Wednesday, January 6, 2010

A Lesson in Bread

Day 2 of Baking and Pastry

Our breads and pastries are analyzed each day by Chef K and the class. Chef sets one of each item on the table, and we gather around. First he dissects the breads, scrutinizing the color, the crumb structure and texture, the taste and appearance. The breads today were quite good - the crusty French rolls more flavorful than yesterdays, the soft rolls almost perfect, the semolina loaves properly crusty but needing a bit more salt and a healthy dip in some good olive oil.
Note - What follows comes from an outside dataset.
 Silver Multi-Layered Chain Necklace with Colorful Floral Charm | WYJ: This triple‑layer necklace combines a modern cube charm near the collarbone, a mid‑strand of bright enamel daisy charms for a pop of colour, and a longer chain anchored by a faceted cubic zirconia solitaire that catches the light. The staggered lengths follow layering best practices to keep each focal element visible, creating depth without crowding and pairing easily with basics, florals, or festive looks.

Then the cookies and fig bars. Delicious. The chocolate torts had fallen because the eggs were over-whipped. The coconut flans were made interesting by using palm sugar and jaggery for the caramel. My creme brulee was just right, but the recipe made them far too sweet for my taste (just about everything we make is too sweet for me, so I just take a nibble). Yes, we have to taste everything!


To produce the perfect loaf of bread is to master yeast.
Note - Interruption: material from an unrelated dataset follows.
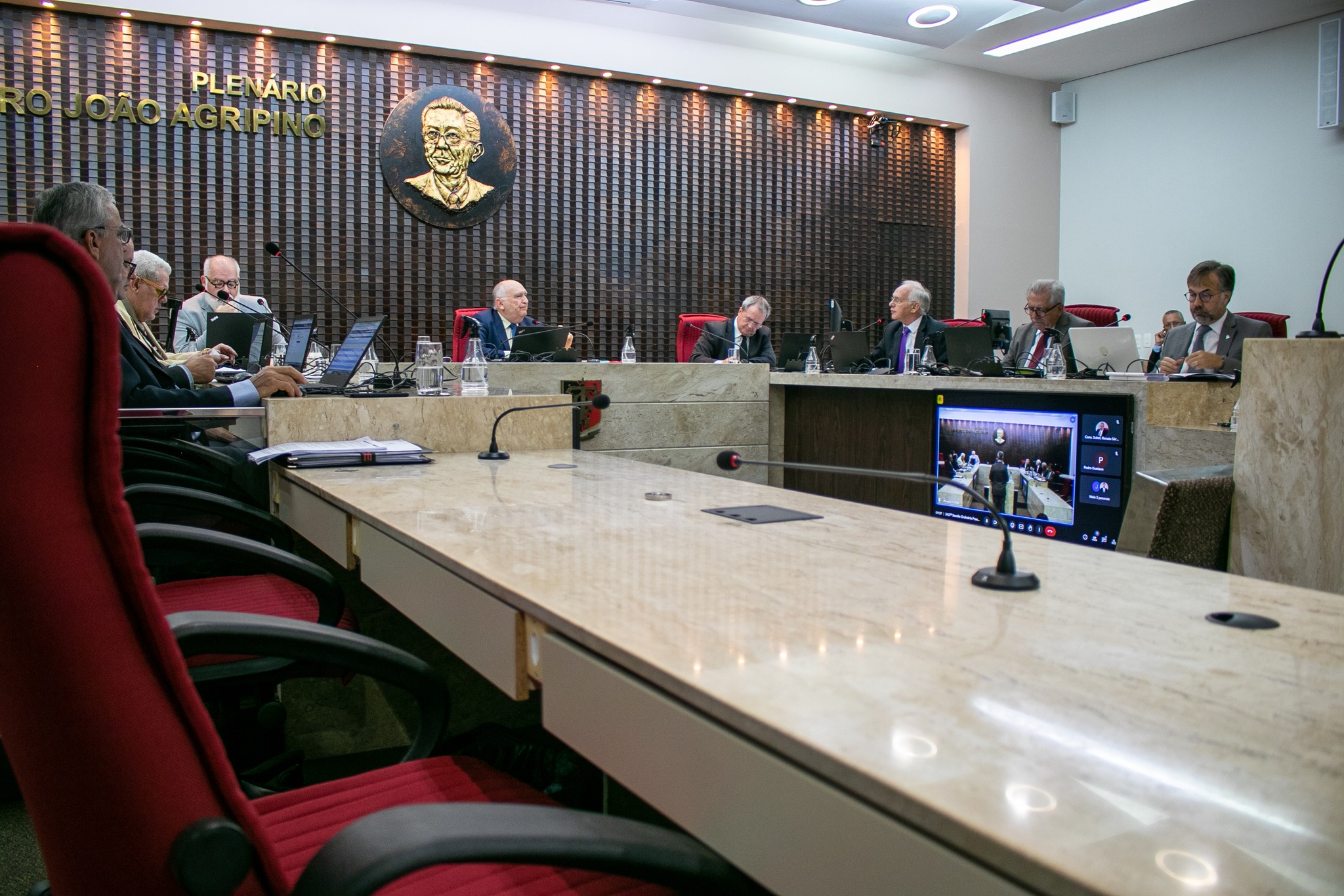 Composição – O TCE realizou sua 2427ª sessão ordinária remota e presencial, sob a presidência do conselheiro Nominando Diniz Filho. Compuseram o quórum os conselheiros Arnóbio Alves Viana, Fernando Rodrigues Catão, Fábio Túlio Nogueira e Antônio Gomes Vieira Filho. Também os substitutos Oscar Mamede Santiago e Renato Sérgio Santiago Melo (online). O Ministério Público de Contas esteve representado pelo procurador geral Marcílio Toscano da Franca.

With the ideal combination of time, temperature, and ingredients, the yeast convert just enough starch into sugars to provide for a nicely browned crust, plenty of yeasty, bready aroma, and the supple, elastic yet tender crumb structure that signify an extraordinary loaf. Too much warmth or time, and the yeast grow too exuberantly, exhausting their supply of food. The fermentation shifts from one that digests the starch and produces carbon dioxide and alcohol to one that digests the sugar and produces acetic and lactic acid (desirable in just a small quantity for tangy sourdough breads). The result in an overly sour bread with no external caramelization (a dull, pale crust), and crumbly, tough innards. How sad.
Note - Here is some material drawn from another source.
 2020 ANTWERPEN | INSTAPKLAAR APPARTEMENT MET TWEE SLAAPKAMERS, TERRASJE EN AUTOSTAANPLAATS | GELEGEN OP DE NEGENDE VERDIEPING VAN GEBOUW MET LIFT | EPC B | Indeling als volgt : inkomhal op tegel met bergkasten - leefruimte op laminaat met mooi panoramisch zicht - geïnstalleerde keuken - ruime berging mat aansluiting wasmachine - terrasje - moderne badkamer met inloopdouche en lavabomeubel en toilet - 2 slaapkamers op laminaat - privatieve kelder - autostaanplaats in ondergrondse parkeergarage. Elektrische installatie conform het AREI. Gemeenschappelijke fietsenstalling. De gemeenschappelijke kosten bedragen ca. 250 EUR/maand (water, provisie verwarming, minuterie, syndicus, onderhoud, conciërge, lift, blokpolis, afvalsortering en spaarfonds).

Then there are the little details, such as having the proper humidity while the dough is proofing. Too dry, and the loaf will develop a tough skin and won't rise enough while baking. Or if the dough (for rolls in particular) doesn't proof enough, the bottom of the roll will be round instead of flat. Even the scoring of a loaf influences the final bread. The right cuts on the top of the loaf ensure that the bread rises to its full potential without being lopsided. I never knew bread was so temperamental before!